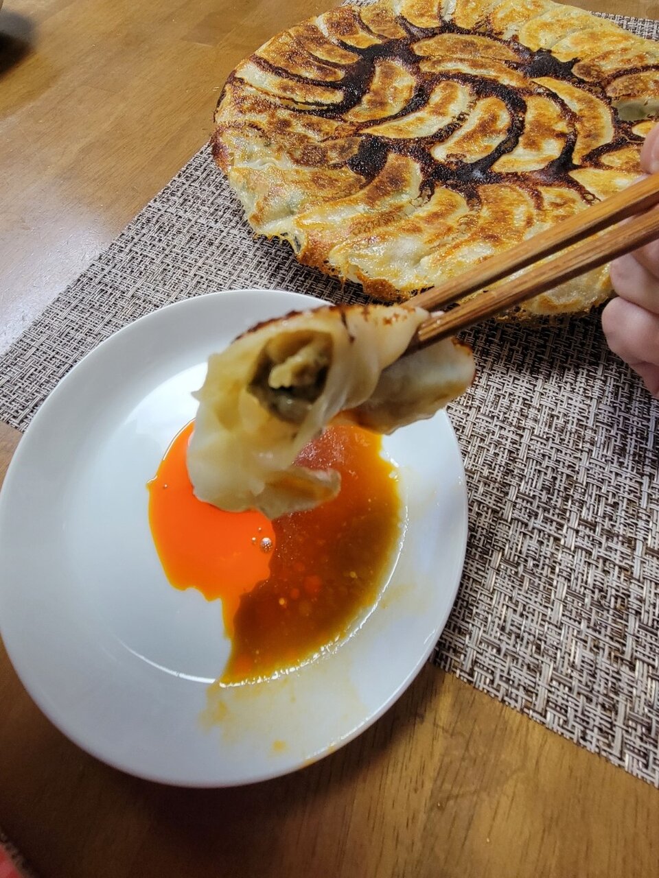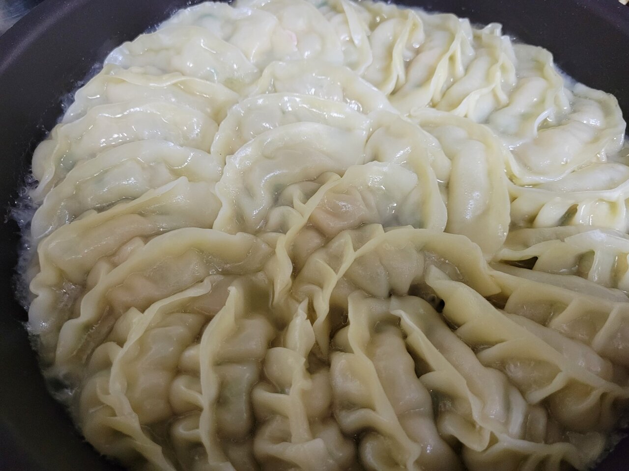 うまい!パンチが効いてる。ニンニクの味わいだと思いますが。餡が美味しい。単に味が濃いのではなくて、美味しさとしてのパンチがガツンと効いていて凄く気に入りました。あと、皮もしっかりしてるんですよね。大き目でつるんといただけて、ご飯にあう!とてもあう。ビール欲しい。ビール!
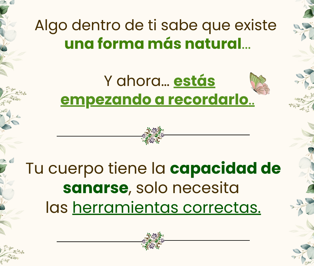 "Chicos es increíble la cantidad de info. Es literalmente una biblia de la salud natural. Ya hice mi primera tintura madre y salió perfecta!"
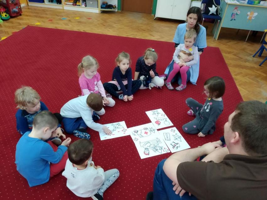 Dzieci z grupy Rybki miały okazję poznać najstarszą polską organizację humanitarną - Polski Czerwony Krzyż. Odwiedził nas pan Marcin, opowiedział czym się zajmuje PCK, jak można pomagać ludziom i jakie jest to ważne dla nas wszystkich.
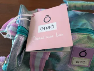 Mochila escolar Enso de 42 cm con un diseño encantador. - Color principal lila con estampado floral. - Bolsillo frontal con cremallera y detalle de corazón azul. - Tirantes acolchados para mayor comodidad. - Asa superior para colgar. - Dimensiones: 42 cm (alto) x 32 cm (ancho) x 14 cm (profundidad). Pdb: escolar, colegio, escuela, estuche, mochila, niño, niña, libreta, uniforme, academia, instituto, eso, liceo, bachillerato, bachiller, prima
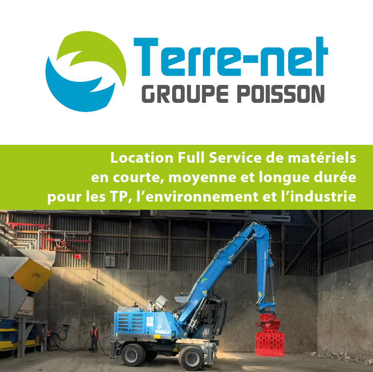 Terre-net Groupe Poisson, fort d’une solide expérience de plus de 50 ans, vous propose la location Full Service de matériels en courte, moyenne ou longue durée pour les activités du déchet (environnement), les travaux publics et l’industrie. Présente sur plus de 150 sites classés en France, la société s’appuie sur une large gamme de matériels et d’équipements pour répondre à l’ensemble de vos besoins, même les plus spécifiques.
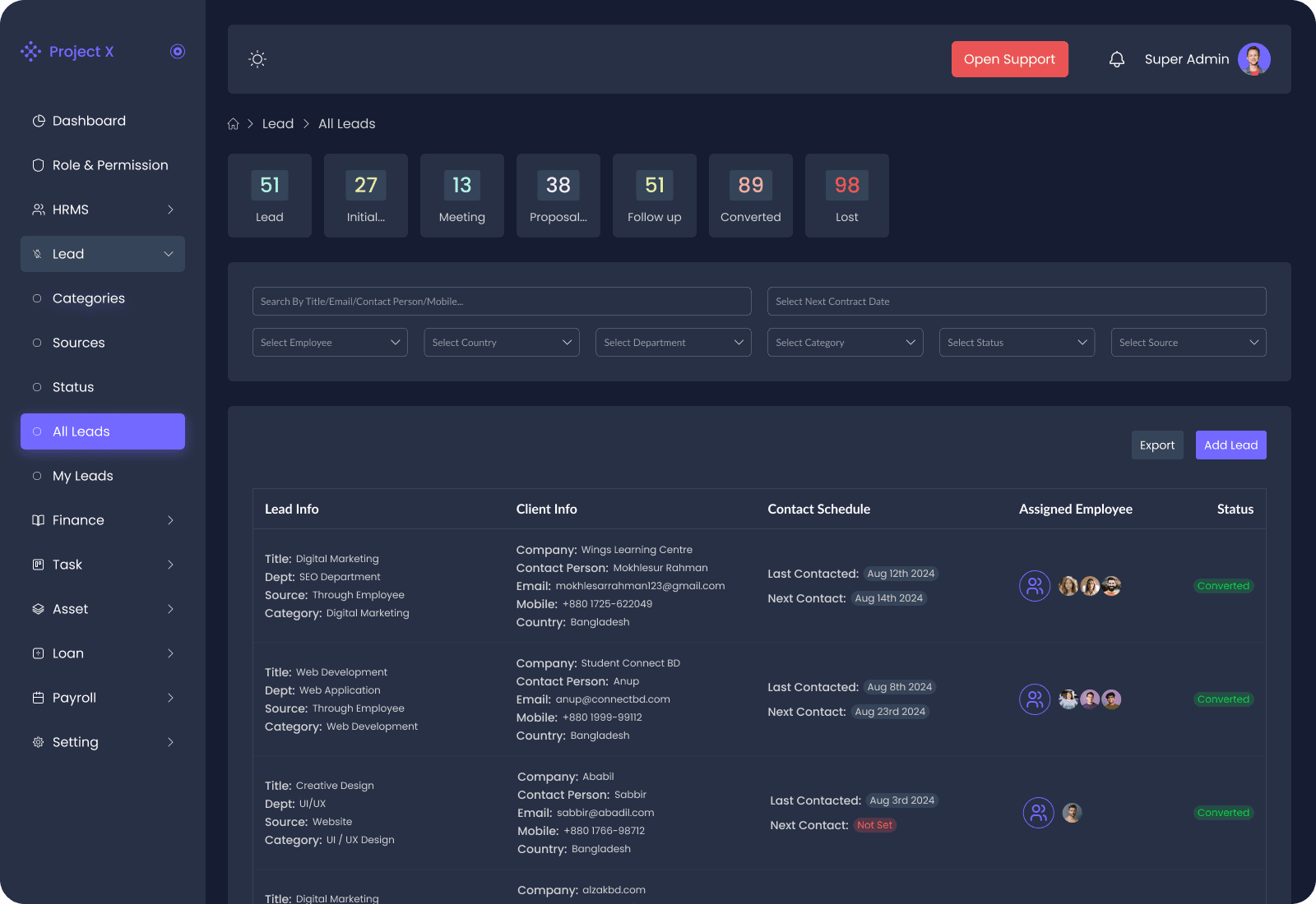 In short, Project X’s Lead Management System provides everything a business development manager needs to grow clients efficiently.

▬▬▬

== Exercise ==
Pictures excluded, transcribe the listing above exactly from the line with "Mochila escolar Enso" through the line with "Terre-net Groupe Poisson, fort", and no further.

== Response to the task ==
 Mochila escolar Enso de 42 cm con un diseño encantador. - Color principal lila con estampado floral. - Bolsillo frontal con cremallera y detalle de corazón azul. - Tirantes acolchados para mayor comodidad. - Asa superior para colgar. - Dimensiones: 42 cm (alto) x 32 cm (ancho) x 14 cm (profundidad). Pdb: escolar, colegio, escuela, estuche, mochila, niño, niña, libreta, uniforme, academia, instituto, eso, liceo, bachillerato, bachiller, prima
 Terre-net Groupe Poisson, fort d’une solide expérience de plus de 50 ans, vous propose la location Full Service de matériels en courte, moyenne ou longue durée pour les activités du déchet (environnement), les travaux publics et l’industrie. Présente sur plus de 150 sites classés en France, la société s’appuie sur une large gamme de matériels et d’équipements pour répondre à l’ensemble de vos besoins, même les plus spécifiques.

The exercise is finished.